--- Source material Enclosed Below ---
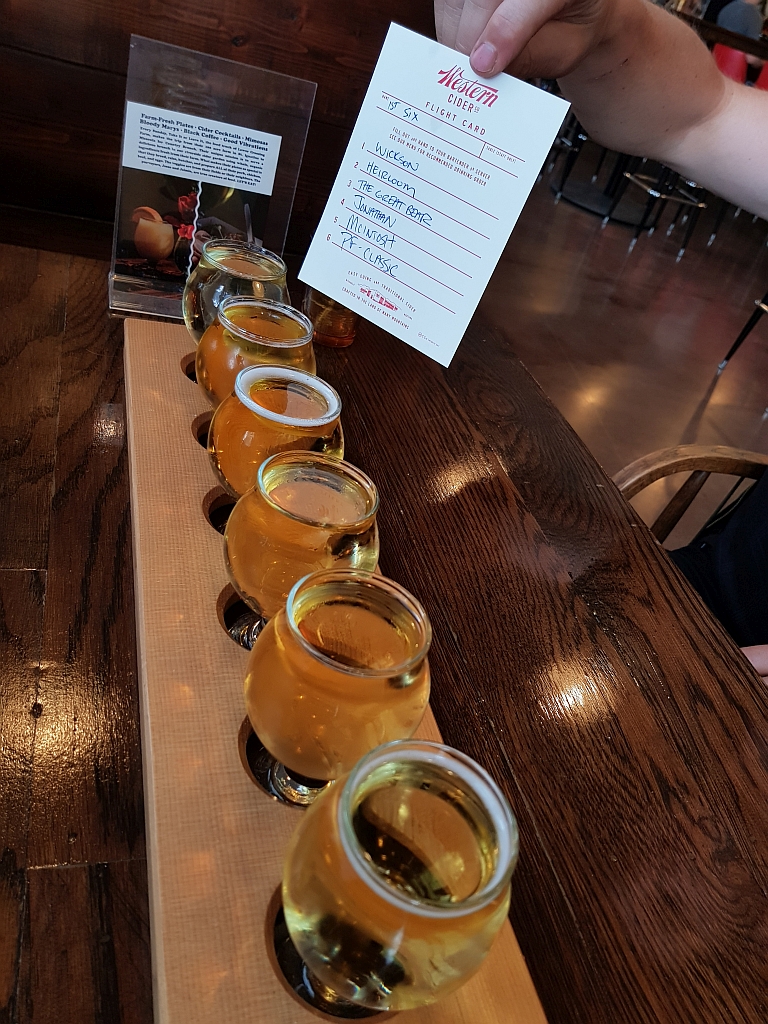 Und das war eine wirklich gute Entscheidung, denn auf dem Weg haben wir zu unserer Überraschung eine Cider-Brauerei gefunden, wo wir alle dort vorhandenen Ciders probiert haben. Am spannensten war ein mit Hopfen versetzter Cider – sehr cool!
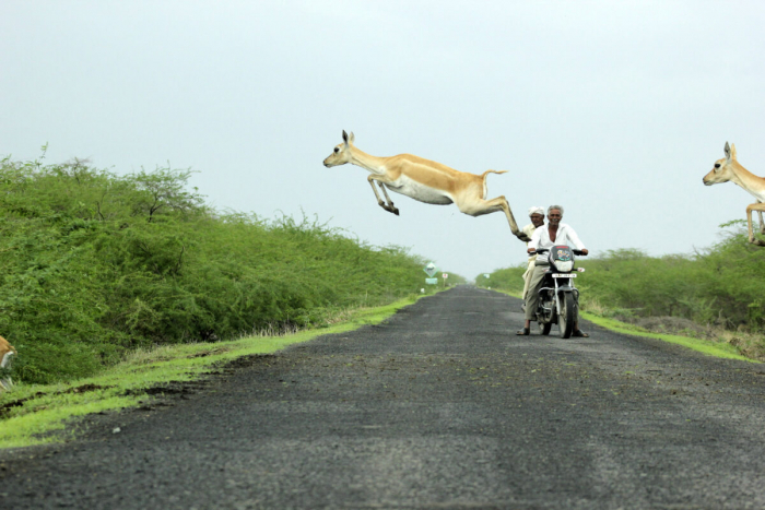 «Между тем, мимо проезжал мотоциклист, и казалось, что антилопа прыгала через мотоцикл. Фотография выглядит так, будто они информируют нас, что эти джунгли наши, поэтому, пожалуйста, держитесь от них подальше и дайте нам дорогу, чтобы пройти».
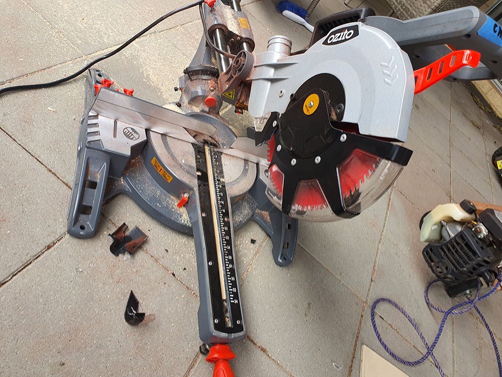 Just looking for advice, basically the other day I was slowly cutting some lengths of bunnings 7MM birchwood ply when all of a sudden the guard exploded into pieces, upon inspection it looks like there was a metal foreign object that looked like there was some sorta string near it in the ply, ruined my good blade too as it slightly warped now. Is is possible to get another guard? The mitre saw is only 3 months old. I'm guessing bunnings won't accept the claim if I were to ask for a replacement? Was just not expecting this to happen.
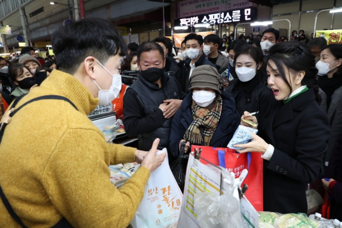 김 여사는 봉사활동에 이어 대구 서문시장을 방문했습니다. 시장에서 설 명절 준비를 위한 여러 가지 물품과 식자재, 현장에서 먹을 수 있는 다양한 음식을 구매하면서 최근 어려움을 겪고 있는 소상공인과 자영업자들을 격려했다.
--- End of Enclosed Source material ---
#### What to do
Everything in the listing except the pictures must be reproduced exactly.

#### Expected answer
 Und das war eine wirklich gute Entscheidung, denn auf dem Weg haben wir zu unserer Überraschung eine Cider-Brauerei gefunden, wo wir alle dort vorhandenen Ciders probiert haben. Am spannensten war ein mit Hopfen versetzter Cider – sehr cool!
 «Между тем, мимо проезжал мотоциклист, и казалось, что антилопа прыгала через мотоцикл. Фотография выглядит так, будто они информируют нас, что эти джунгли наши, поэтому, пожалуйста, держитесь от них подальше и дайте нам дорогу, чтобы пройти».
 Just looking for advice, basically the other day I was slowly cutting some lengths of bunnings 7MM birchwood ply when all of a sudden the guard exploded into pieces, upon inspection it looks like there was a metal foreign object that looked like there was some sorta string near it in the ply, ruined my good blade too as it slightly warped now. Is is possible to get another guard? The mitre saw is only 3 months old. I'm guessing bunnings won't accept the claim if I were to ask for a replacement? Was just not expecting this to happen.
 김 여사는 봉사활동에 이어 대구 서문시장을 방문했습니다. 시장에서 설 명절 준비를 위한 여러 가지 물품과 식자재, 현장에서 먹을 수 있는 다양한 음식을 구매하면서 최근 어려움을 겪고 있는 소상공인과 자영업자들을 격려했다.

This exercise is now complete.